(Activity):
It is required that the lines from the top of the listing through the line with "- Contrasting zippers" be reproduced exactly, excluding pictures.

(Information provided):
※ ※ ※

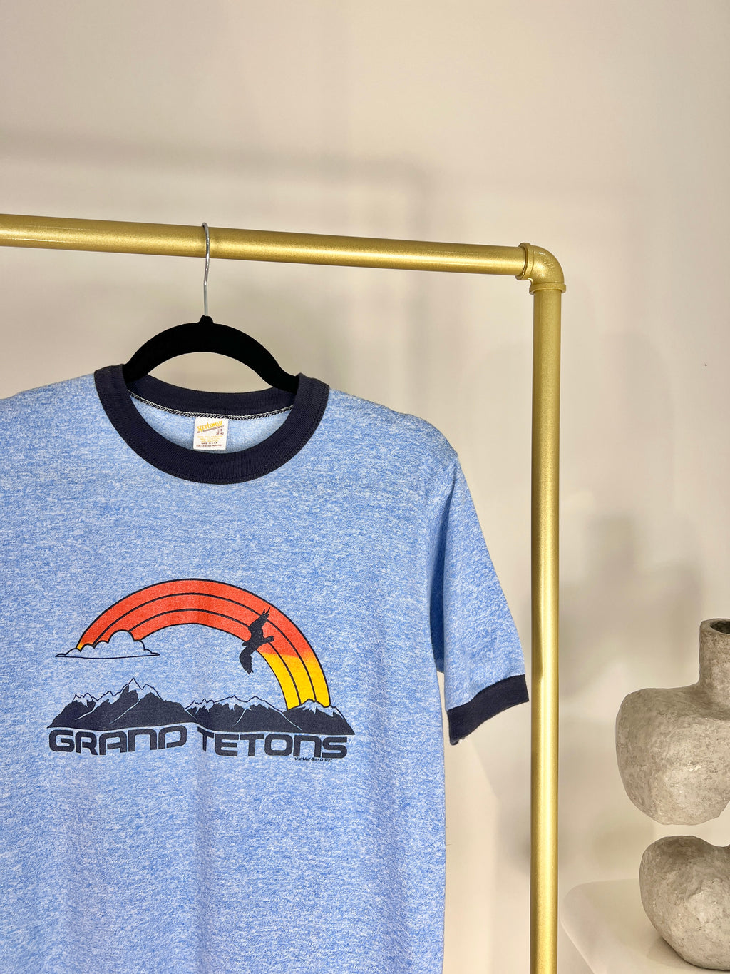 VINTAGE 1982 GRAND TETONS BLUE RINGER TEE
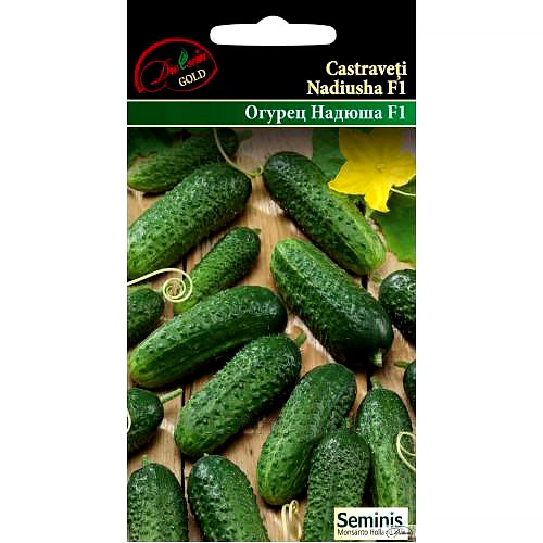 Castraveti "Nadiusha F1" - cel mai nou hibrid foarte timpuriu polenizat de albine, predominat cu un tip de înflorire feminin. Cultura este de creștere medie, foarte sănătoasă pe întreaga periodă de cultivare. Plodurile sunt foarte omogene, de o formă cilindrică, de culoare verde-închisă, la exterior nu se deosebește de hibrizii partenocarpici. Au o consistență bună (compactitate), nu sunt amari, raportul dintre lungime/lățime: 3,1. Se recomandă pentru consumul în formă proaspătă precum și pentru prelucrare.
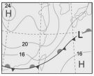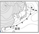 17. 中央氣象局指出:「今天各地仍會因梅雨鋒面帶來的降雨,易有大雨或豪雨的發生,民眾需留意落石及土石流災情,並避免從事山林溪邊活動。」下列哪個天氣圖最符合上述的天氣預報內容? (A)(B)(C)(D)
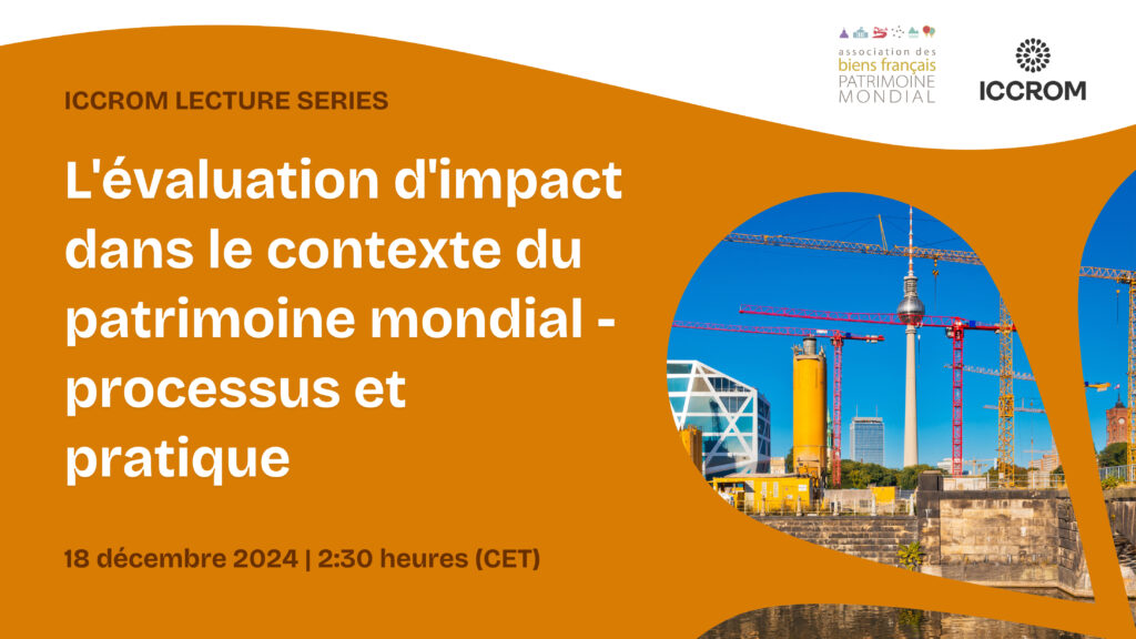 En collaboration avec l’CCROM, nous organisons un webinaire sur « L’évaluation d’impact dans le contexte du patrimoine mondial – processus et pratique » le 18 décembre à 14hh30.
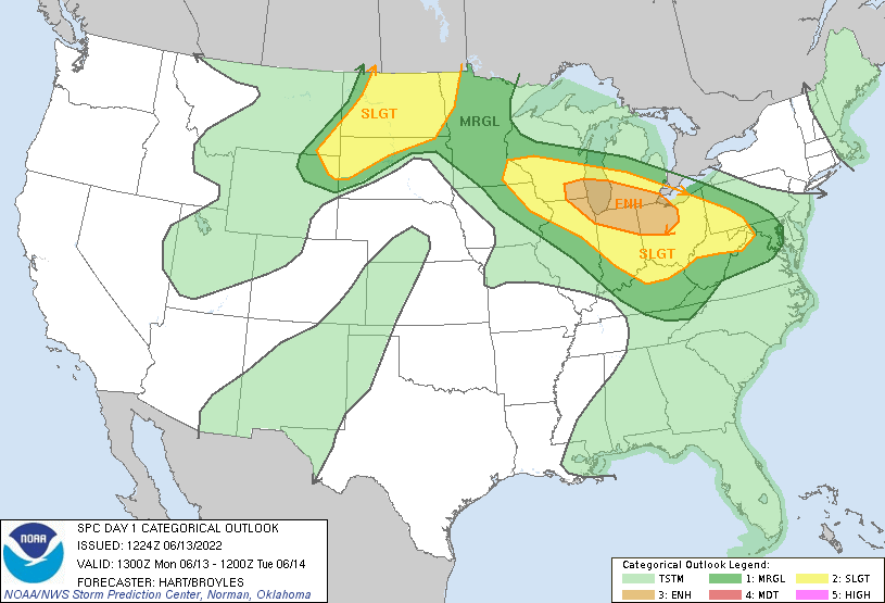 So here’s the breakdown: some isolated thunderstorms were possible along a warm front for Central Illinois and Indiana before getting dominated by an MCS (possibly a derecho based on what models had indicated) expected to develop and track across the area.
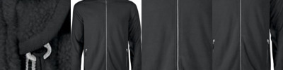 - Contrasting zippers and decorative flatlock seam on sleeve
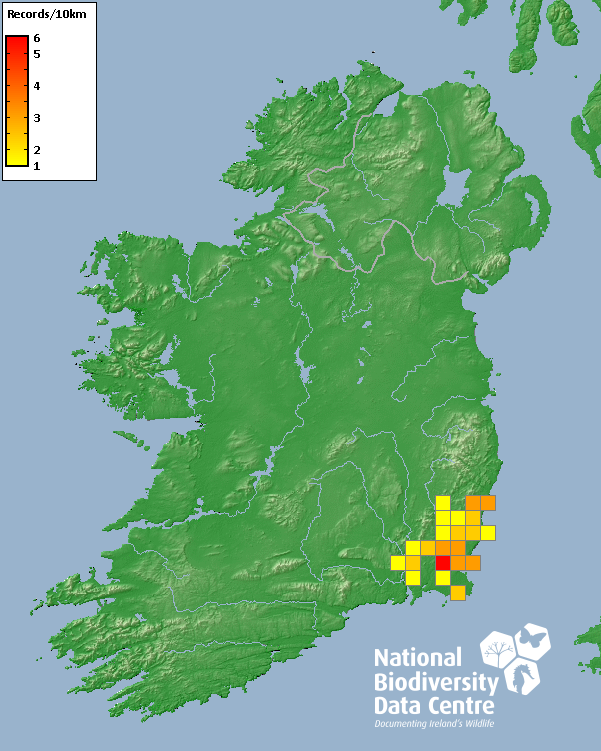 Distribution of the number of records recorded within each 10km grid square (ITM).Marine Map - 50km
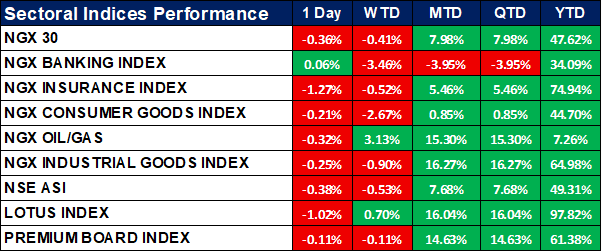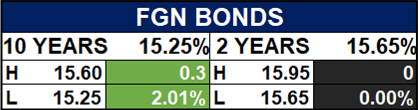 - KEDCO to install 128,000 meters with $500milion World Bank loan: - The Kano Electricity Distribution Company (KEDCO) will install 128,000 free prepaid meters across Kano, Katsina, and Jigawa using a $500 million World Bank loan to improve efficiency and end estimated billing. - Dailytrust - Nigeria Sectoral Indices Performance- The table below shows that the Most sectoral indices declined on a 1-day and week-to-date (WTD) basis, with NGX Insurance (-1.27%) and Lotus Index (-1.02%) showing notable drops. The NGX Oil/Gas index stands out with a positive WTD gain of 3.13%, reflecting some sector strength despite a slight 1-day dip. Year-to-date (YTD) performance is strong across all indices, led by the Lotus Index (97.82%) and NGX Insurance Index (74.94%), indicating solid longer-term growth. - Fixed Income (FGN Bonds)

※ ※ ※

(Response to the exercise):
 VINTAGE 1982 GRAND TETONS BLUE RINGER TEE
 Castraveti "Nadiusha F1" - cel mai nou hibrid foarte timpuriu polenizat de albine, predominat cu un tip de înflorire feminin. Cultura este de creștere medie, foarte sănătoasă pe întreaga periodă de cultivare. Plodurile sunt foarte omogene, de o formă cilindrică, de culoare verde-închisă, la exterior nu se deosebește de hibrizii partenocarpici. Au o consistență bună (compactitate), nu sunt amari, raportul dintre lungime/lățime: 3,1. Se recomandă pentru consumul în formă proaspătă precum și pentru prelucrare.
 17. 中央氣象局指出:「今天各地仍會因梅雨鋒面帶來的降雨,易有大雨或豪雨的發生,民眾需留意落石及土石流災情,並避免從事山林溪邊活動。」下列哪個天氣圖最符合上述的天氣預報內容? (A)(B)(C)(D)
 En collaboration avec l’CCROM, nous organisons un webinaire sur « L’évaluation d’impact dans le contexte du patrimoine mondial – processus et pratique » le 18 décembre à 14hh30.
 So here’s the breakdown: some isolated thunderstorms were possible along a warm front for Central Illinois and Indiana before getting dominated by an MCS (possibly a derecho based on what models had indicated) expected to develop and track across the area.
 - Contrasting zippers and decorative flatlock seam on sleeve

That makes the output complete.